-- Data extracts follows --

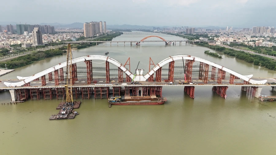 目前,鵝城大橋全橋樁基已完成,江東一號路A匝道及輔道已通車,主橋下部架構及鋼梁架設已完成,拱肋已完成38個,鵝塔已完成2個,預計5月初主橋拱肋合龍,屆時將以天鵝之姿矗立于東江之上。
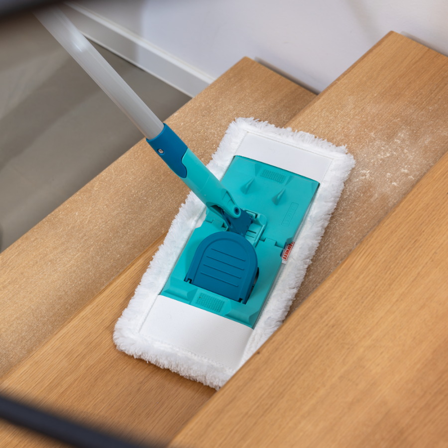 - Ξεσκονιστήρι δαπέδου με περιμετρική κεφαλή από 100% μικροΐνες για καθαρισμό σκληρών δαπέδων, σοβατεπί και ακμών σε ένα μόνο βήμα.
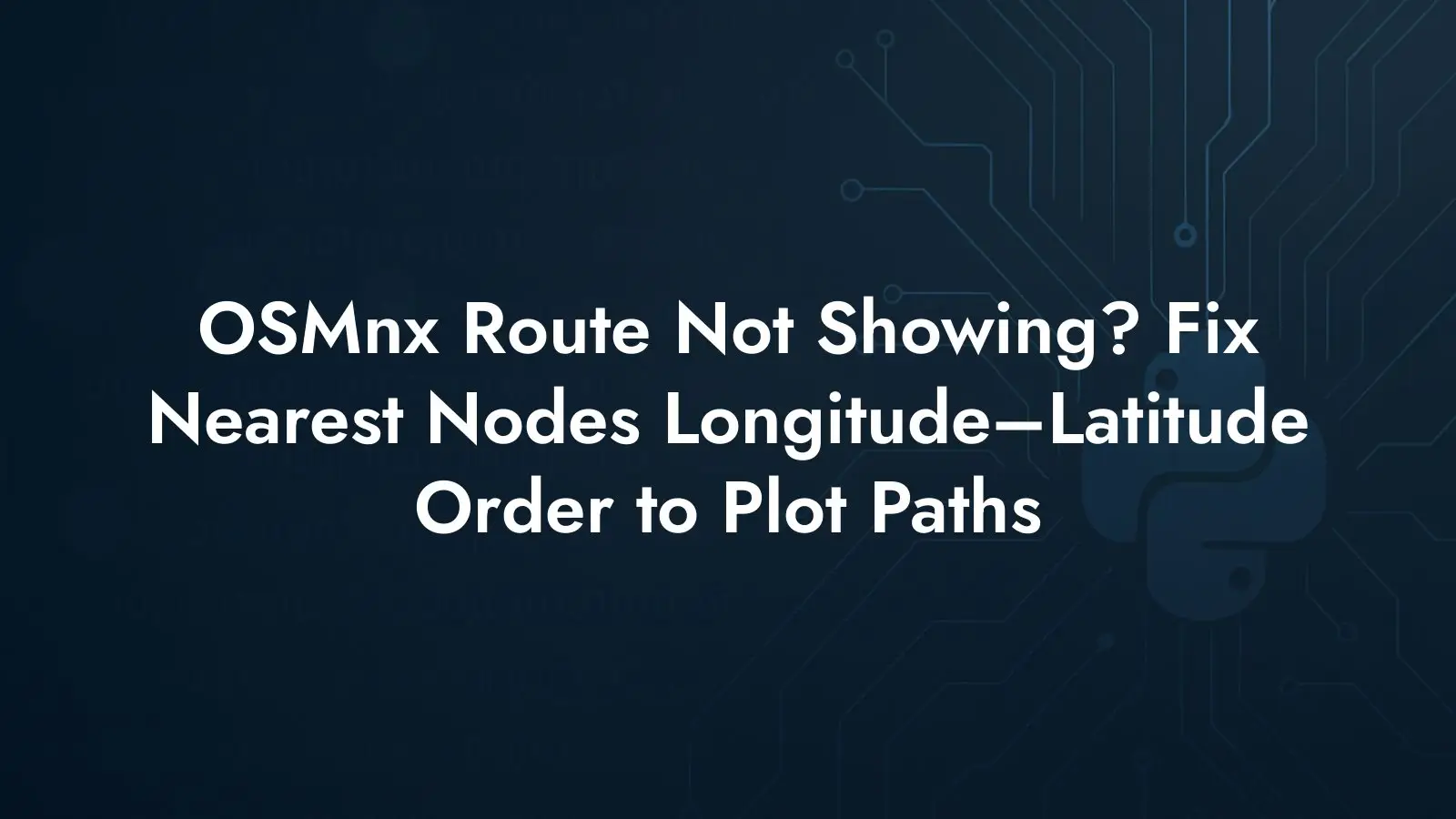 When you compute a driving route with OSMnx, the map renders but the red line never appears. The graph is there, the window opens, yet the route seems to be missing. In most cases like this, the issue isn’t in pathfinding at all—it’s the order of coordinates passed to the nearest-nodes lookup.
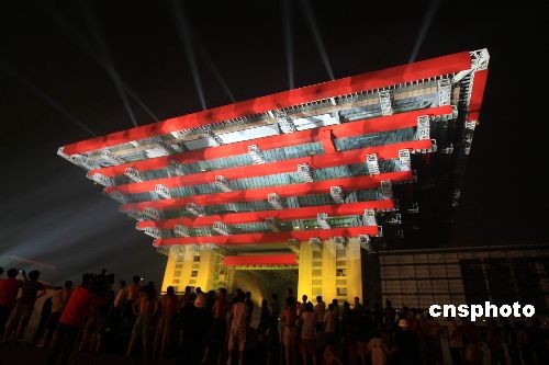 6月22日晚,素有“東方之冠”之稱的上海世博會中國館舉行亮燈儀式,在黃浦江畔初綻美麗光芒。中國館正式亮燈是世博會園區(qū)電力建設(shè)中一個重要里程碑,標志著世博各項供電工程已全面進入沖刺階段。據(jù)悉,今日投運的中國館三十五千伏變電站總?cè)萘繛橐稽c六萬千伏安,投運后將直接為兩萬平方米的中國國家館、三萬平方米的中國地區(qū)館以及三千平方米的港澳臺館提供安全、穩(wěn)定的電力。中新社發(fā) 湯彥俊 攝
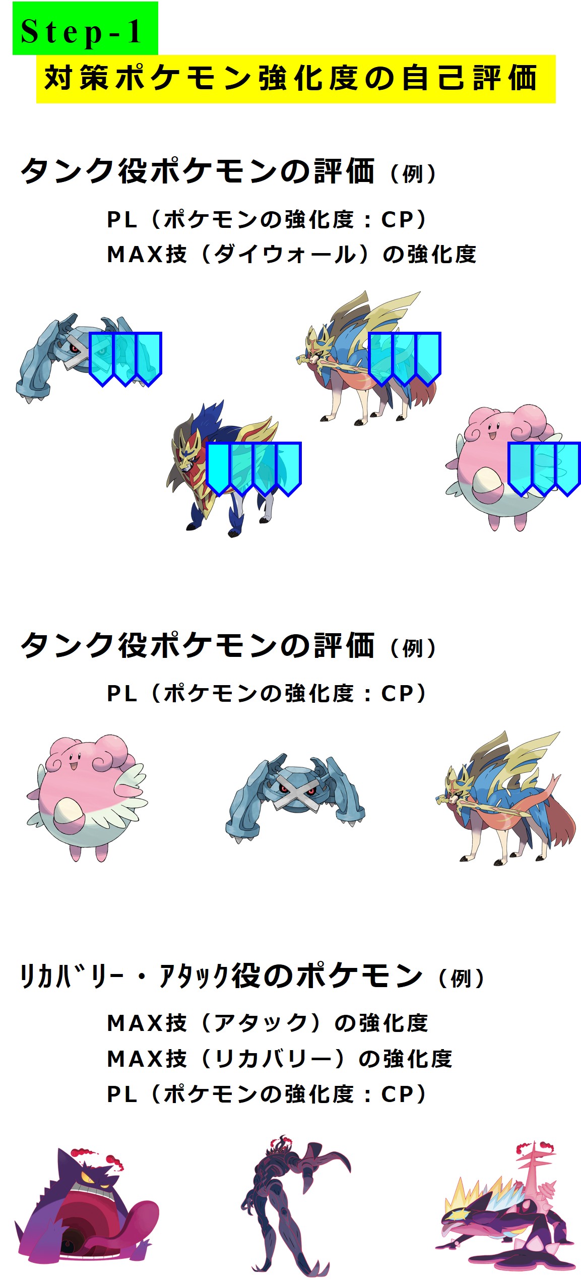 リカバリー・アタック役プレイヤーのタンクポケモンは、シールドを張りませんから、シールド無しのときの耐久性能を重視します。

-- Data extracts concluded --

§ Work to be completed
Starting at the line with "- Ξεσκονιστήρι δαπέδου", output each line through the final one of the listing above, and nothing else. Pictures are to be left out.

§ Finished task
 - Ξεσκονιστήρι δαπέδου με περιμετρική κεφαλή από 100% μικροΐνες για καθαρισμό σκληρών δαπέδων, σοβατεπί και ακμών σε ένα μόνο βήμα.
 When you compute a driving route with OSMnx, the map renders but the red line never appears. The graph is there, the window opens, yet the route seems to be missing. In most cases like this, the issue isn’t in pathfinding at all—it’s the order of coordinates passed to the nearest-nodes lookup.
 6月22日晚,素有“東方之冠”之稱的上海世博會中國館舉行亮燈儀式,在黃浦江畔初綻美麗光芒。中國館正式亮燈是世博會園區(qū)電力建設(shè)中一個重要里程碑,標志著世博各項供電工程已全面進入沖刺階段。據(jù)悉,今日投運的中國館三十五千伏變電站總?cè)萘繛橐稽c六萬千伏安,投運后將直接為兩萬平方米的中國國家館、三萬平方米的中國地區(qū)館以及三千平方米的港澳臺館提供安全、穩(wěn)定的電力。中新社發(fā) 湯彥俊 攝
 リカバリー・アタック役プレイヤーのタンクポケモンは、シールドを張りませんから、シールド無しのときの耐久性能を重視します。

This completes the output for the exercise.